Global soybean production has risen dramatically in the last century. There has been an increase of 15 times in the last seventy years. Around 80% of this soy is used to feed livestock animals in the meat, egg, and dairy industry. This growing demand for soy is mostly due to the rising consumption of meat caused by the expanding global population and the rise of the middle class. Soy has become increasingly popular as an animal feed, as it is cheap and produces high yields. It is also used in a variety of other products, from chocolate to mayonnaise. In recent years, there has even been discussion as to its potential as a source of biofuel.
Soy is mainly grown in South America. In 2018 around 57 million hectares of land in this region were used for soy production. This has come at a detrimental environmental cost. Vast areas of forest, grassland, and savannahs have been cleared to make way for this crop. This is having a devastating impact on the rich biodiversity of the area, which is home to a huge variety of flora and fauna.

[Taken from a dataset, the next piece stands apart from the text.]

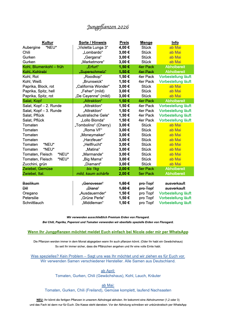 Hier findet Ihr eine Übersicht unserer Jungpflanzen die wir zum Kauf anbieten. Es erfolgt kein Versand, Abholung und freie Auswahl direkt bei uns auf dem Hof in 26607 Aurich. Den genauen Termin wann es losgeht geben wir hier bekannt.
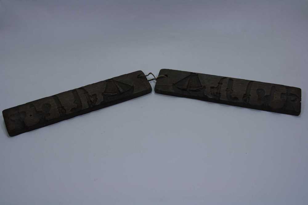 Suikerwerkplank van hout met 6 figuren: een mens, di...

These ecosystems are also substantial carbon stores. When these are cleared, much of this carbon is released into the atmosphere, contributing to climate change. Furthermore, the harvesting, processing, and subsequent transport of soybeans emit significant levels of greenhouse gases.
Large quantities of water are required to grow soy, as it is a water-intensive crop. This depletes natural water supplies that plants, animals, and humans rely on. Additionally, soy relies on the use of fertilizers and pesticides, which contain powerful chemicals. When it rains, these chemicals run off the land and contaminate local water systems. Soy production can also result in soil degradation, as the intensive farming practices used are very harsh. The soil is already more vulnerable in these areas, as the removal of tree cover leaves the topsoil exposed to the elements.

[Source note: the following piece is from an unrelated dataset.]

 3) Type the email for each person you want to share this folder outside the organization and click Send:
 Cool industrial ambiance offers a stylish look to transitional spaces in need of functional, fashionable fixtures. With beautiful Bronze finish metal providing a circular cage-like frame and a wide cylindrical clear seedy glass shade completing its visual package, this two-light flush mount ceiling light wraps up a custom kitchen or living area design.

Brazil is one of the largest producers of soy in the world. Much of this soy is grown in the Cerrado, a Savannah region that spans around a quarter of Brazil's land area. This area is rich in biodiversity, with “over 10,000 species of plants, almost half of which are found nowhere else in the world” (WWF). Today, almost half of this diverse ecosystem has been converted to farmland, mostly for soybean and meat production.
In 2017, a number of Non-Governmental Organizations in Brazil came together as part of the FAIRR Initiative to release the ‘Cerrado Manifesto’. This calls for industries to stop deforestation in the Cerrado and switch to sustainable farming practices. They call for industries to recognize the Cerrado’s role in mitigating climate change and the devastating environmental impact of the current farming practices. A number of companies signed the manifesto, including Unilever and Tesco. However, in 2020 Tesco was found to be in breach of the agreement, selling chicken raised on soy produced in the Cerrado.

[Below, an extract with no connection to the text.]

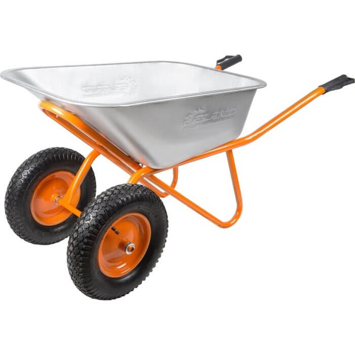Тачка строительная двухколесная. Прочный оцинкованный кузов с усиленной рамой 32 мм. Грузоподъемность увеличена за счет применения 2-х колес. Большие пневматические колеса с пылезащищенными подшипниками.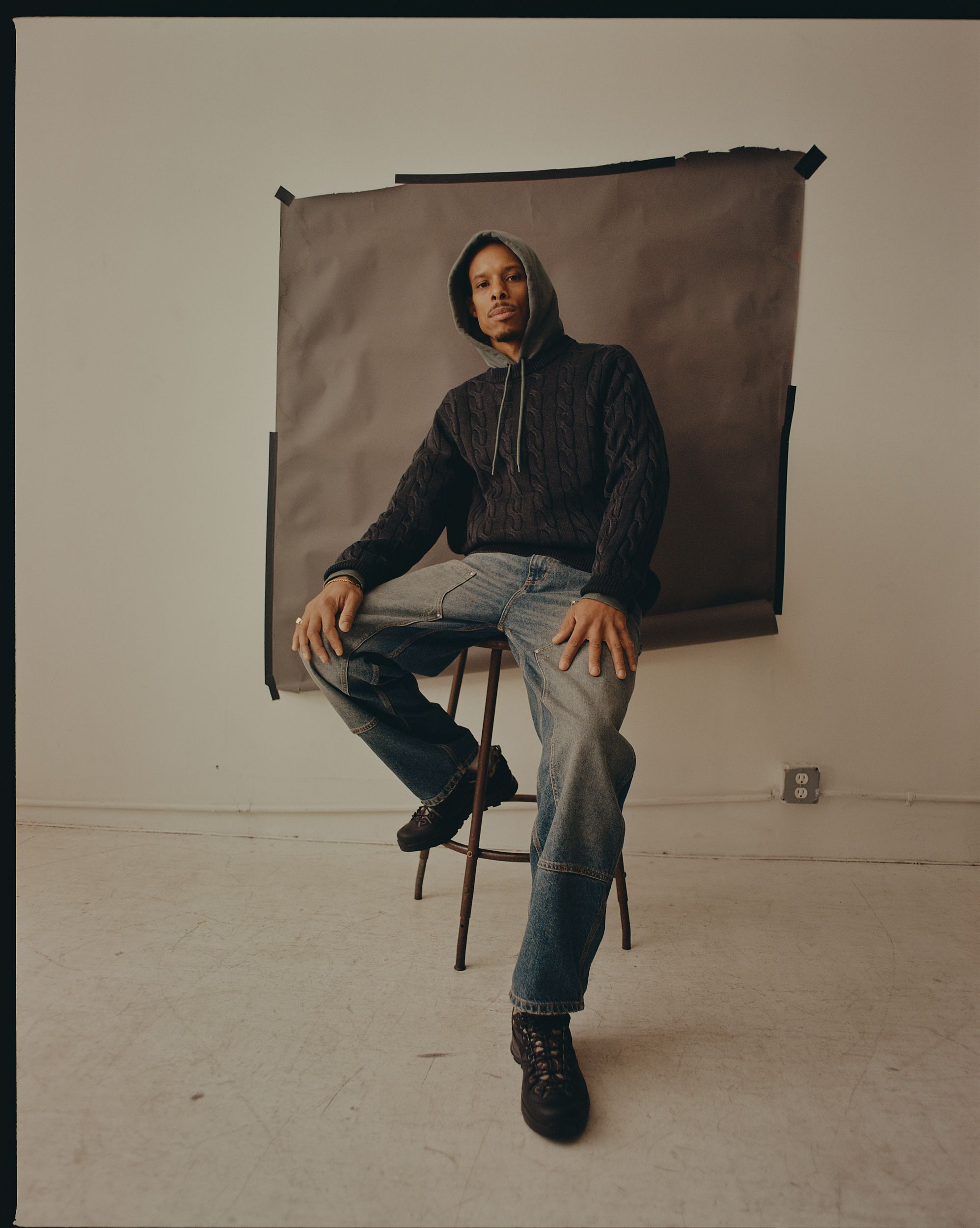 Our Brandon Pant has a loose straight fit with a dropped rise, starting baggy at the hip and maintaining a straight cut throughout the leg.

During the COP26 Conference in Glasgow, over 100 world leaders have committed to ending deforestation by 2030. Whilst this is a much-needed step to ensure action is taken, a previous deal made in 2014 which aimed to half deforestation by 2020 has not been met, and deforestation rates are still alarmingly high. However, there is hope, unlike the 2014 agreement, when Brazil was absent, Brazil has been an active participant in the COP26 agreement. It is essential that world leaders take action to address this to prevent us from reaching a tipping point.